All too often, I encounter adjusters who want the net as the basis for calculating wage loss.  This is not correct (IMHO).  Why?  The expenses continue, and it is the wages/earnings that stop.  If the person was employed, then looking at net business income would be the same as looking at the claimant’s individual tax returns after deductions, exclusions, standard deductions, etc.  I just wanted to make that point since I am sometimes concerned that appellate decisions ignore the realities of the world.

The other issue which I thought was of interest is that summary judgment motions sometimes are fast and furioius and forego the opportunity to flesh out the facts.  This case has some good law regarding the standard of review on this point.  Please note that the COA held that the opportunity to engage in discovery and prove her point was amply given to the claimant/plaintiff.

The standard for summary judgment is as follows: “if the pleadings, depositions, answers to interrogatories, stipulations, and admissions on file, together with the affidavits, if any, show that there is no genuine issue as to any material fact and that the moving party is entitled to judgment as a matter of law.”  CR3 56.03.

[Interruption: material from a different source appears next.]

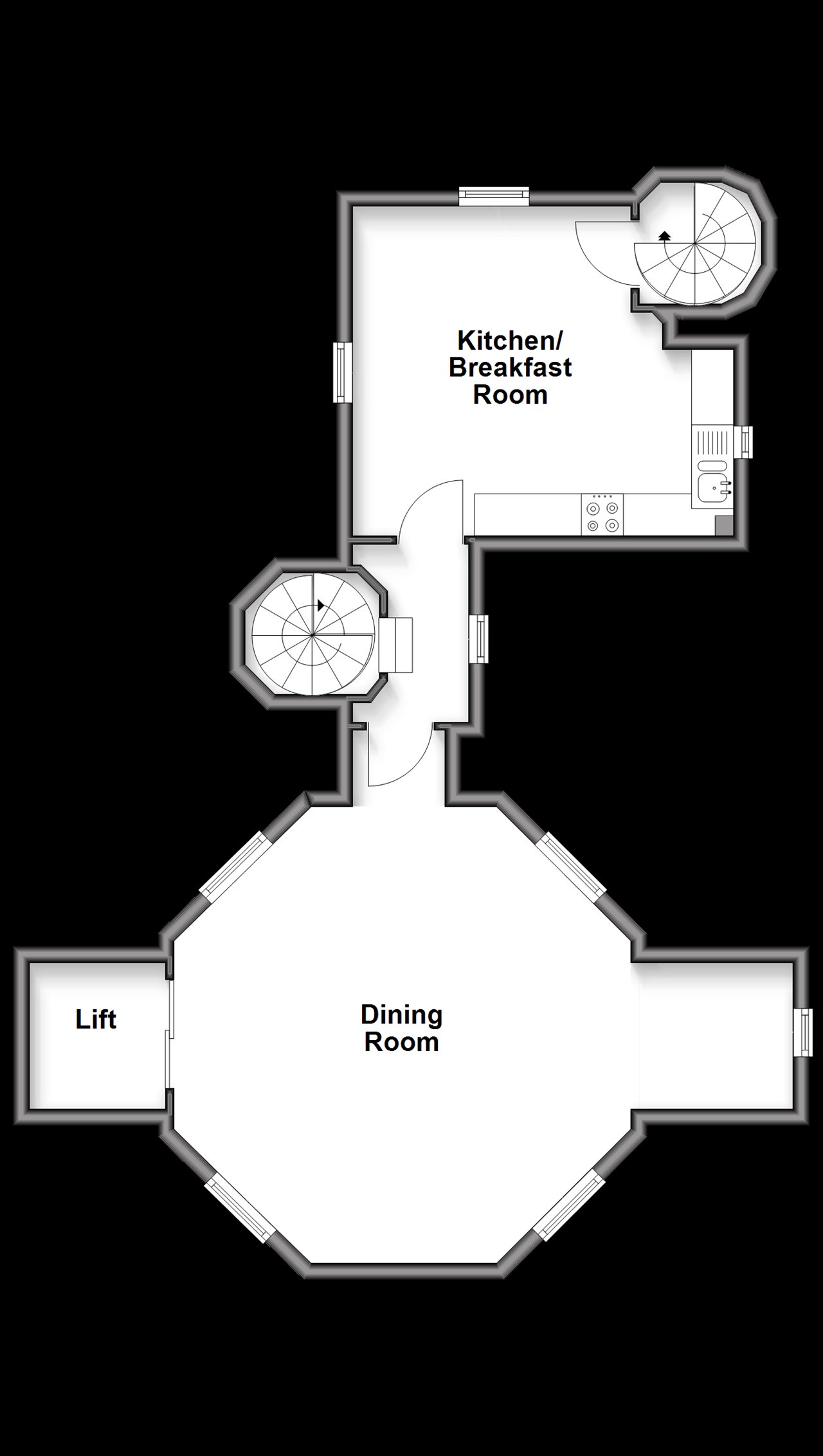 Opening the lift door on the first floor you are immediately confronted by a superb octagonal dining room where guests will be queueing up to be invited to a meal as this characterful room includes full height circle top arched windows providing far reaching views, a beautiful polished wood floor, a unique arched recess and sculptured oak doors that come from the original castle. These open into a small corridor with the main staircase and a second set of old oak doors that lead to the triple aspect kitchen/breakfast room with fantastic stained glass windows that were also rescued from the castle, access to the secondary staircase and shaker style units housing various appliances.

Summary judgment is appropriate when it “appears that it would be impossible for the respondent to produce evidence at the trial warranting a judgment in his favor.” Steelvest, Inc. v. Scansteel Serv. Ctr., Inc., 807 S.W.2d 476, 480 (Ky. 1991). Also, summary judgment cannot be avoided solely on the basis that a party hopes to obtain evidence in the future that will create a genuine issue of material fact. Neal v. Welker, 426 S.W.2d 476, 479-80 (Ky. 1968). However, “summary judgment is only proper after a party has been given ample opportunity to complete discovery[.]” Pendleton Brothers Vending, Inc. v. Commonwealth Finance and Administration Cabinet, 758 S.W.2d 24, 29 (Ky. 1998). It is not necessary that a party actually complete discovery, only that they had an opportunity to do so. Hartford Insurance Group v. Citizens Fidelity Bank & Trust Co., 579 S.W.2d 628, 630 (Ky. App. 1979). We review a grant of summary judgment de novo. Burton v. Kentucky Farm Bureau Mut. Ins. Co., 326 S.W.3d 474, 475 (Ky. App. 2010).